After months of testing, all users can now double the traditional 140-character limit to 280 characters.

Twitter has been testing the longer tweets since September and claims the test proved out the company’s theory — that giving more people room to tweet results in more engagement.

“People who had more room to Tweet received more engagement (Likes, Retweets, @mentions), got more followers, and spent more time on Twitter,” the company wrote in a blog post.

TESTING LONGER TWEETS

Twitter has been testing longer tweets with “tens of millions” of users, according to company spokesperson Will Stickney.

Twitter says that just 5 percent of tweets sent by users in the test group were longer than the traditional 140-character limit. Only 1 percent of those tweets actually used all 280 characters.

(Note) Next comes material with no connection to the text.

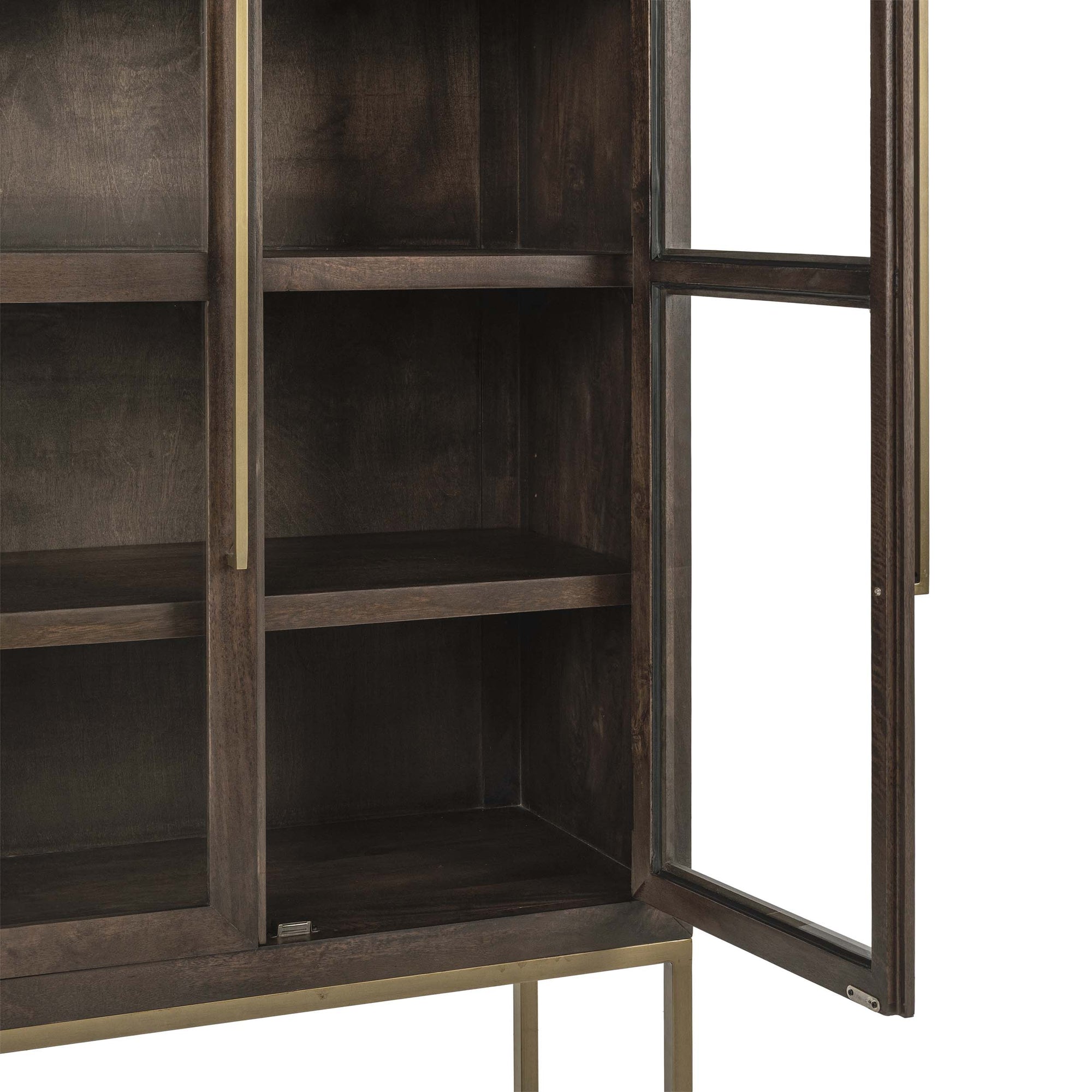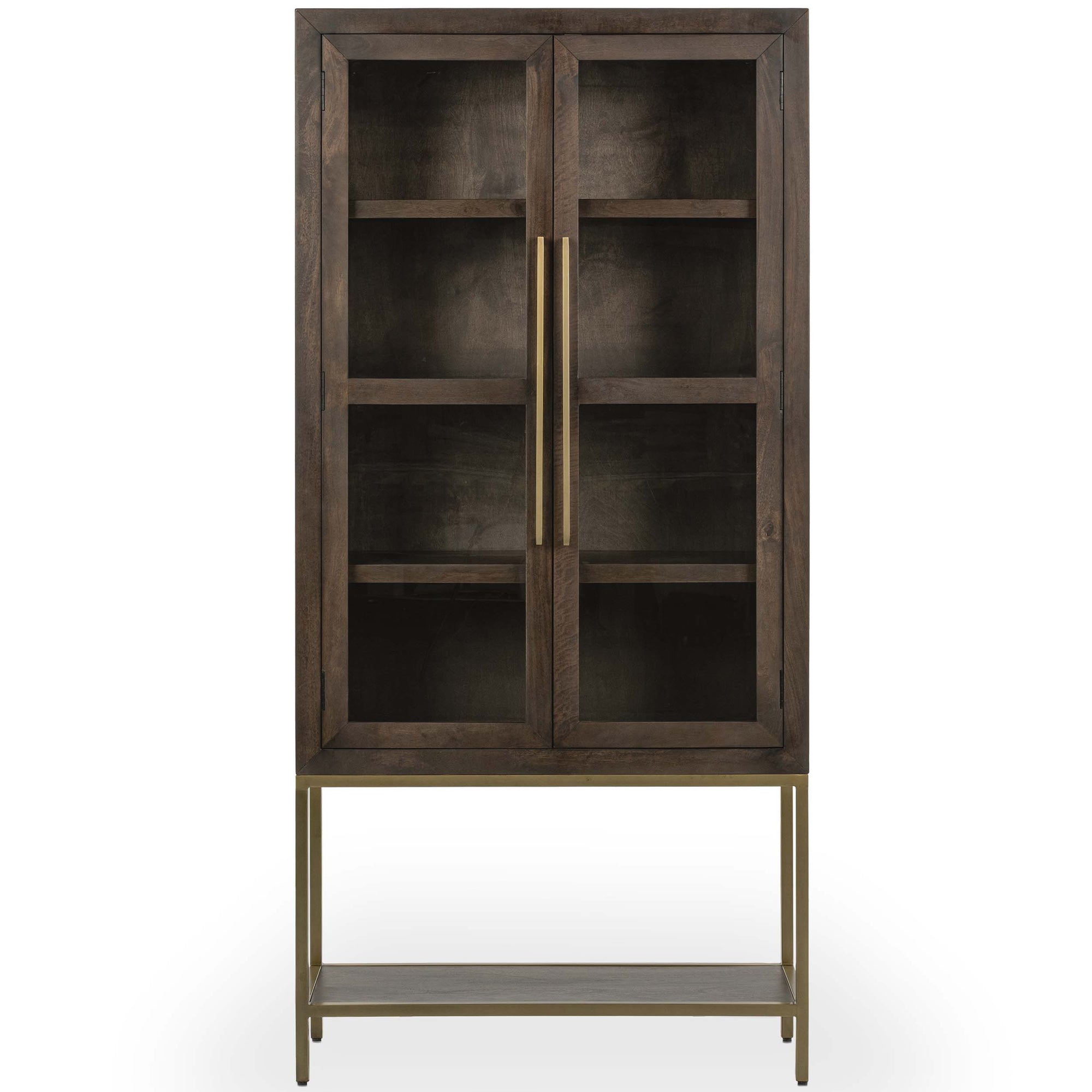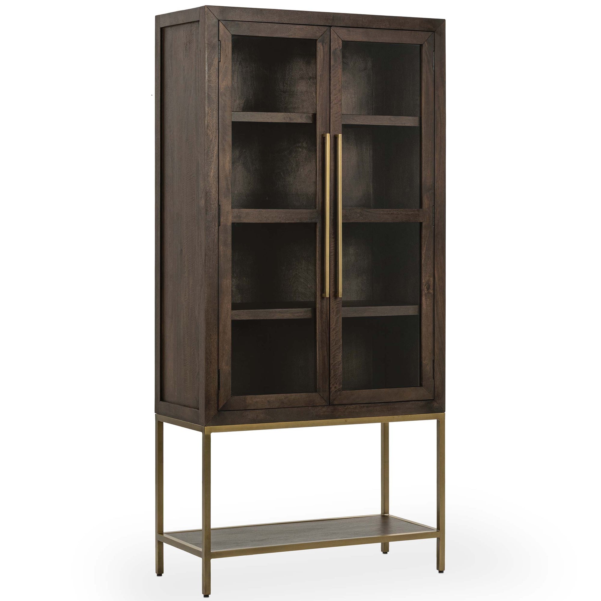 The Freemont Tall Cabinet features a mango wood frame with tempered glass doors and elongated metal pulls. Designed with a combination of fixed and adjustable shelves, it provides versatile storage while maintaining a sleek, airy aesthetic. Elevated on a minimalist metal base, this cabinet blends bold structure with refined sophistication.

In a blog post, Twitter said the expanded character limit would allow for easier expression while retaining the brevity for which the service is known.

With the previous limit in place, 9 percent of tweets hit 140 characters. But during the test of expanded tweets, only 1 percent of tweets hit 280 characters, Twitter said.

“More space makes it easier for people to fit thoughts in a tweet, so they could say what they want to say, and send Tweets faster than before,” the company said in a blog post.

EXPANSIVE PARAGRAPHS

At the same time, expanding the character limit risks disrupting the fast-moving, real-time nature of the site, encouraging people users to post more expansive paragraphs where they once might just have posted a few words and a link.

This could be especially true of Twitter’s large and noisy class of professional pundits, who live to explain the day’s events through voluminous threads.

“Since we saw Tweets hit the character limit less often, we believe people spent less time editing their Tweets in the composer. This shows that more space makes it easier for people to fit thoughts in a Tweet, so they could say what they want to say, and send Tweets faster than before.”